La dirección de la acción. Programación y aprendizaje
Me he referido, decisivamente, a la vertiente noética, representativa, del «mundo
vivido». Ahora es preciso contemplar la otra vertiente que concierne a la dirección
de la acción, a la función estrictamente cibernética —de timonel— propia del
sistema nervioso. Es decir, del modo en que éste programa, ordena y regula
correctivamente, mediante feed-backs, la actividad del aparato osteomuscular —
aunque, como han subrayado algunos investigadores, dicho aparato no juegue un
papel puramente pasivo, sino también informativo—, así como, en un nivel más
básico, controla internamente el funcionamiento fisiológico, sus constantes y
adaptación —siendo, en todo caso, los problemas de la acción aquellos que ahora
nos interesan más directamente.
Ya en la primera parte ha aparecido la concepción de Lorenz del Mecanismo
Interno de Desencadenamiento (M.I.D.), activador ante ciertas señales de los
programas innatos, almacenados en los circuitos del sistema nervioso, y nivel
primario de la acción zoológica que es completado y desarrollado por el
aprendizaje, constituyéndose entonces el M.I.D.A., permitiendo un enriquecimiento
y mayor adaptación de la acción. El almacenamiento de los programas —memoria
de la especie— y de las experiencias individuales constituye evidentemente una
función clave del sistema nervioso en la economía de la vida zoológica. Ha guiado
toda la evolución neurofisiológica, definiendo los diversos centros en que la
dirección de la acción a corto y a largo plazo se archiva orgánicamente. Tal como
los que representan los ganglios torácicos y los corpora pedunculata en los
insectos. O bien en los vertebrados el lóbulo frontal para el movimiento voluntario,
el cerebelo para el automático, el hipocampo para la memoria a medio plazo, la
médula espinal, como reguladora de la actividad fisiológica y los reflejos innatos.

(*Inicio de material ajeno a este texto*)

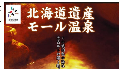
〈音更町十勝川温泉モール温泉〉

なお、音更町十勝川温泉の「モール温泉」も北海道遺産に登録されており、「ほっかいどう遺産WAON」を通じて当社も応援しています。
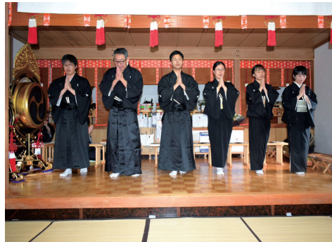
勇んだおつとめが勤められた

初夏の青空が広がった5月30日、栗沢の清真布分教会で会長就任奉告祭が執り行われた。新任を祝つて、大教会長夫妻、前奥様、南空知支部長、来賓、大勢の教友、町内の方々が参集下して、勇んだおつとめが勤められた。
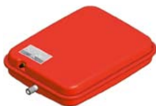
Disegno / Drawing P637/L
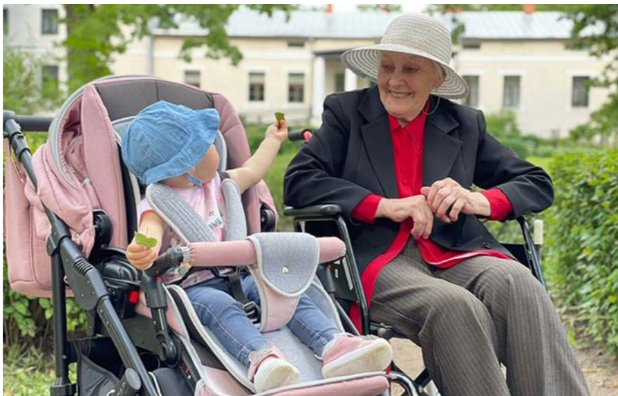
Ruta ar visjaunāko paaudzi 2021. gada 31. jūlijā pie Vestienas skolas.

Pirmā skola bija Saikavas pagasta Kalna skola, kurā mācījās trīs valdību laikā. Latvijas brīvvalsts laikā mācījās
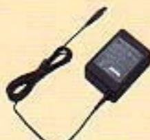
急速充電ACアダプタ (319PQB)
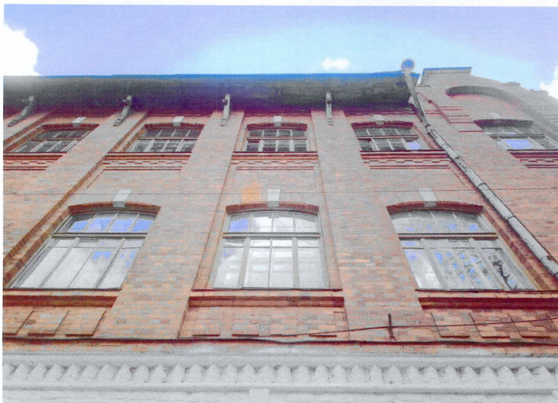
Фото 14. Фрагмент северного фасада. Кирпичная лицевая кладка без штукатурки. Карниз кровли деревянный выступающий с фигурными кронштейнами. Рельефные сандрики оконных проемов второго и третьего этажа со штукатурной имитацией замков. Оконные заполнения деревянные многочастные, с калевками.

El desarrollo de la vida zoológica nos muestra que ni la representación del mundo,
ni la programación y dirección de la conducta deben ser vistas como realidades
acabadas, sino como plasmaciones completadas y reelaboradas, tanto en la
experiencia individual dentro de la especie como en la evolución fílogenética. En
esta segunda línea asistimos a un desarrollo cuyas consecuencias para el
afloramiento de la conciencia y el enriquecimiento del comportamiento son bien
manifiestas. El proceso tiene —en la línea repetidamente comentada— tanto un
aspecto cuantitativo como estructural, con la creación de organizaciones
morfológicas cada vez más complejas. Patricia Smith Churchland insiste en lo que
representa el aspecto cuantitativo de una manera esclarecedora. Como dicha
autora nos recuerda, las neuronas en un gusano y en el cerebro humano trabajan
sobre los mismos principios fundamentales. Pero «lo maravilloso —prosigue— es
que, al modo de los circuitos eléctricos, la adición de componentes no reduce su
efectividad al mero ensanchamiento del sistema, sino que, en ocasiones, significa
cambiar su capacidad, abriendo vías nuevas y notables». Estamos en presencia
—podríamos comentar— de un caso en que el principio dialéctico del paso de
cantidad a cualidad —tantas veces vaciado de contenido por su uso abstracto—
se revela en un sentido muy preciso y concreto, según el funcionamiento del
mismo que a lo largo de todo este libro vengo manteniendo. Así, tal como continúa
Patricia Smith Churchland,
el ascenso que interpone neuronas entre las neuronas sensoriales y las
motoras es revolucionario, faculta la construcción e interiorización de una
representación básica del mundo y puede permitir a través del aprendizaje una
fantástica actualización de dicha visión del mundo. A medida que la masa de
interneuronas prolifera bajo la presión evolutiva hacia una coordinación sensorio-
motriz más competitiva, se enriquece la representación innata del mundo y se
ramifican las dimensiones de la plasticidad.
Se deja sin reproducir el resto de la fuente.